A softball player swings a bat, accelerating it from rest to 2.6 rev/s in a time of 0.20 s. Approximate the bat as a 0.90-kg uniform rod of length 0.95 m, and compute the torque the player applies to one end of it.

Torque is the product of the moment of inertia and the angular acceleration.

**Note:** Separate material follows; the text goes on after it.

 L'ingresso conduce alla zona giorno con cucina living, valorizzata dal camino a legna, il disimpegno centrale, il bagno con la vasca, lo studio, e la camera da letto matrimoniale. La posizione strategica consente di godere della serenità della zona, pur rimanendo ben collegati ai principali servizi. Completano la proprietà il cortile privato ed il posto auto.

It would help if you considered the bat as a rod that is rotating about its one end.

The mass of the bat is \(m = 0.90\;{\rm{kg}}\).

The length of the bat is \(L = 0.95\;{\rm{m}}\).

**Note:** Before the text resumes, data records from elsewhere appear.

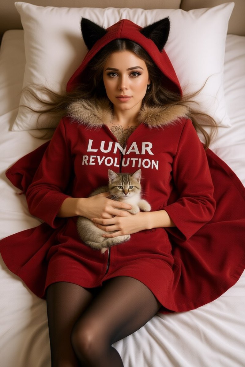 Женщина в красном балахоне с надписью : " LUNAR REVOLUTION" , мохнатый меховой варантик , капюшон с ушками кошки , в черных чулках и, лежит на кровати , волосы расползались по подушке , вид сверху, на груди у нее спит маленький пушистый котенок .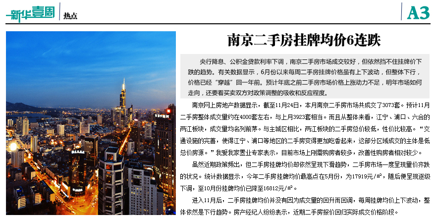 南京二手房掛牌均價(jià)6連跌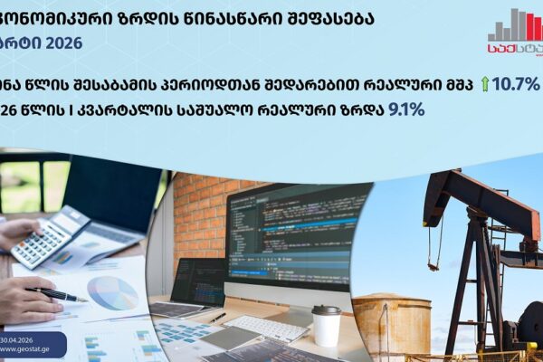სტატისტიკის ეროვნული სამსახურის წინასწარი შეფასებით, 2026 წლის მარტში წინა წლის შესაბამის პერიოდთან შედარებით, რეალური მთლიანი შიდა პროდუქტის ზრდამ…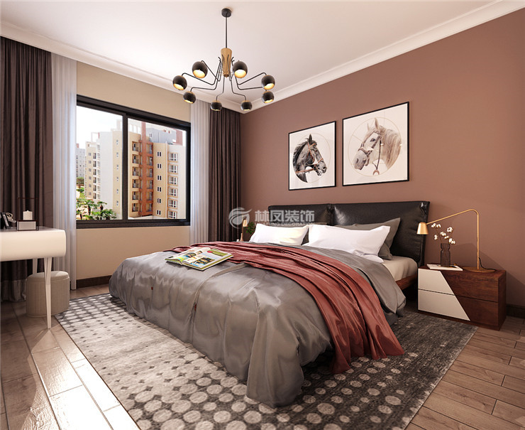 三室兩廳一廚兩衛(wèi),高層整體采用美式風(fēng)格,色調(diào)以深色為主,體現(xiàn)美式的居家感和溫馨感。

The initial angular velocity of the bat is \({\omega _1} = 0\).

The final angular velocity of the bat is \({\omega _2} = 2.6\;{\rm{rev/s}} = \left( {2.6 \times 2\pi } \right)\;{\rm{rad/s}}\).

The ball takes the time \(\Delta t = 0.20\;{\rm{s}}\) to gain the final speed.

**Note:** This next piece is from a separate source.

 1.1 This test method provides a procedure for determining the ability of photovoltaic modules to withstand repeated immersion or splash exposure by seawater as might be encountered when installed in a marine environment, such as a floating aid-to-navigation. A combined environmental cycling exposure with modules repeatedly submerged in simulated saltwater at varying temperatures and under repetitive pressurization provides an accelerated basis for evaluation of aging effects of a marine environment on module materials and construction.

Let \(\tau \) be the torque applied by the player.

You can consider the bat a uniform rod rotating about its one end.

Now, the angular acceleration of the bat is \(\alpha = \frac{{{\omega _2} - {\omega _1}}}{{\Delta t}}\).

The moment of inertia of the bat about the rotating axis is \(I = \frac{1}{3}m{L^2}\).

Therefore the torque on the bat is

\(\begin{align}\tau &= I\alpha \\ &= \frac{1}{3}m{L^2} \times \frac{{{\omega _2} - {\omega _1}}}{{\Delta t}}\\ &= \frac{1}{3} \times \left( {0.90\;{\rm{kg}}} \right) \times {\left( {0.95\;{\rm{m}}} \right)^2} \times \frac{{\left( {2.6 \times 2\pi } \right)\;{\rm{rad/s}} - 0}}{{0.20\;{\rm{s}}}}\\ &= 22\;{\rm{N}} \cdot {\rm{m}}\end{align}\).

Hence, the torque applied by the player is \(22\;{\rm{N}} \cdot {\rm{m}}\).